Infrared laser light radiation can be used to depolarize neurons and to stimulate neural activity. The absorption of
infrared radiation and heating of biological tissue is thought to be the underlying mechanism of this phenomenon
whereby local temperature increases in the plasma membrane of cells either directly influence membrane properties or
act via temperature sensitive ion channels. Action potentials are typically measured electrically in neurons with
microelectrodes, but they can also be observed using fluorescence microscopy techniques that use synthetic or
genetically encoded calcium indicators. In this work, we studied the impact of infrared laser light on neuronal calcium
signals to address the mechanism of these thermal effects. Cultured primary mouse hippocampal neurons expressing the
genetically encoded calcium indicator GCaMP6s were used in combination with the temperature sensitive fluorophore
Rhodamine B to measure calcium signals and temperature changes at the cellular level. Here we present our all-optical
strategy for studying the influence of infrared laser light on neuronal activity.

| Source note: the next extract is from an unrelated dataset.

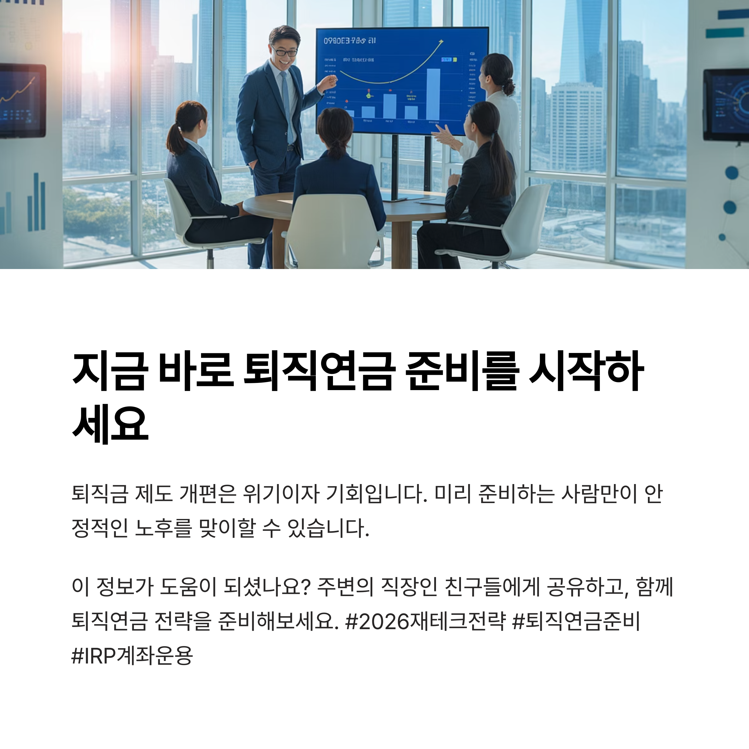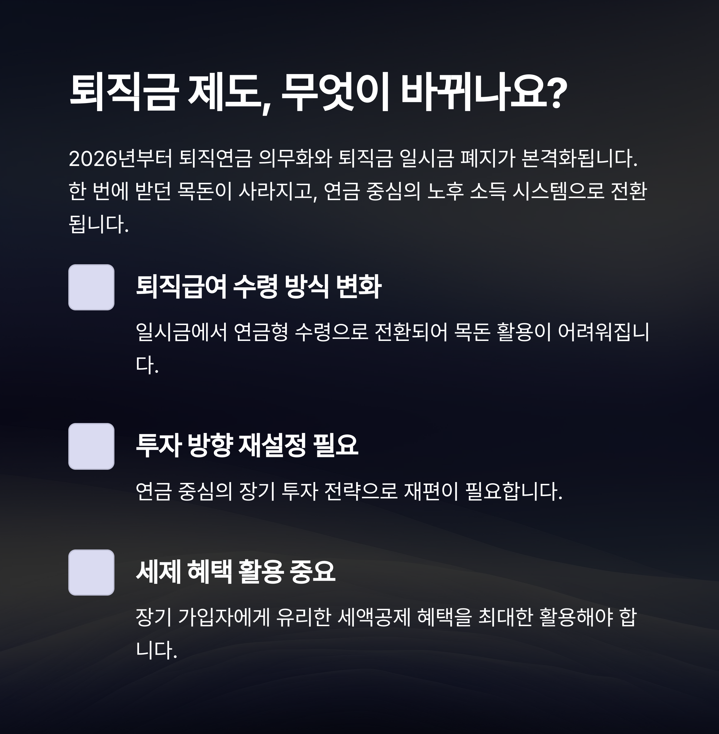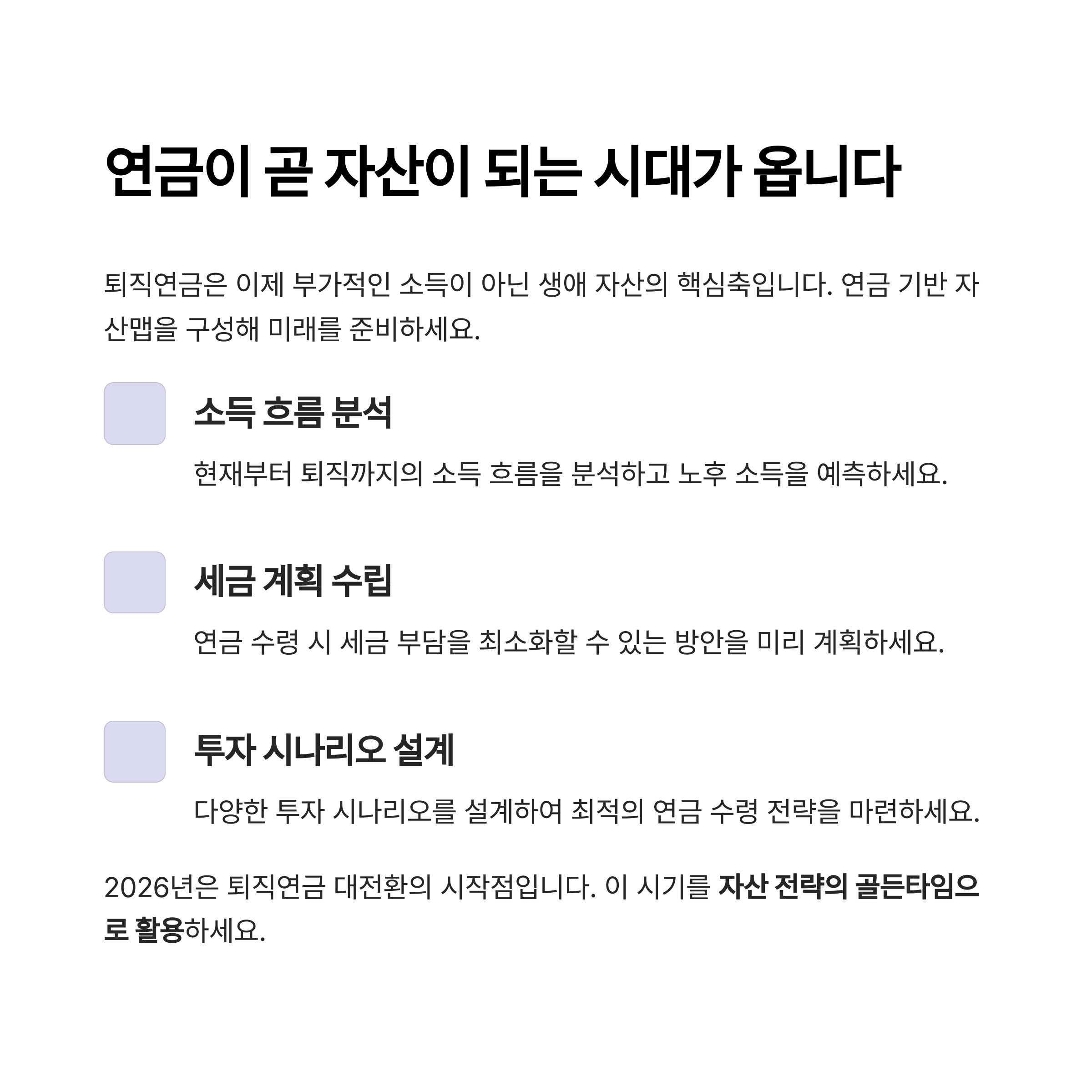 2026년은 퇴직연금 대전환의 시작점입니다. 이 시기를 단순히 정책 변화가 아닌, 자산 전략의 골든타임으로 활용해야 합니다.
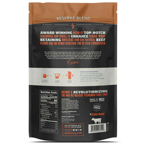 Inject your brisket with the most trusted injection on the market! Our Reserve Blend Brisket Injection is more than an injection and marinade. With thousands of hours of testing and winning brisket competitions worldwide Kosmos Q reserve blend injection not only wins hearts and mouths but money too. With a succulent synthesis of signature spices and moisture-retaining components, combined with slight smoky flavoring and dehydrated beef stock, you can count on producing a mouth-watering tender brisket worthy of even the most seasoned (pun intended) BBQ pitmaster. To truly win a judge’s affections, you need Kosmos Q Meat Injection! So if you are looking for the best brisket injection on the market, you found it.

David Moreau, Claire Lefort, Sylvia M. Bardet, and Rodney P. O'Connor, "Studying the mechanism of neurostimulation by infrared laser light using GCaMP6s and Rhodamine B imaging," Proc. SPIE 9690, Clinical and Translational Neurophotonics; Neural Imaging and Sensing; and Optogenetics and Optical Manipulation, 96901M (Presented at SPIE BiOS: February 16, 2016; Published: 9 March 2016); https://doi.org/10.1117/12.2211355.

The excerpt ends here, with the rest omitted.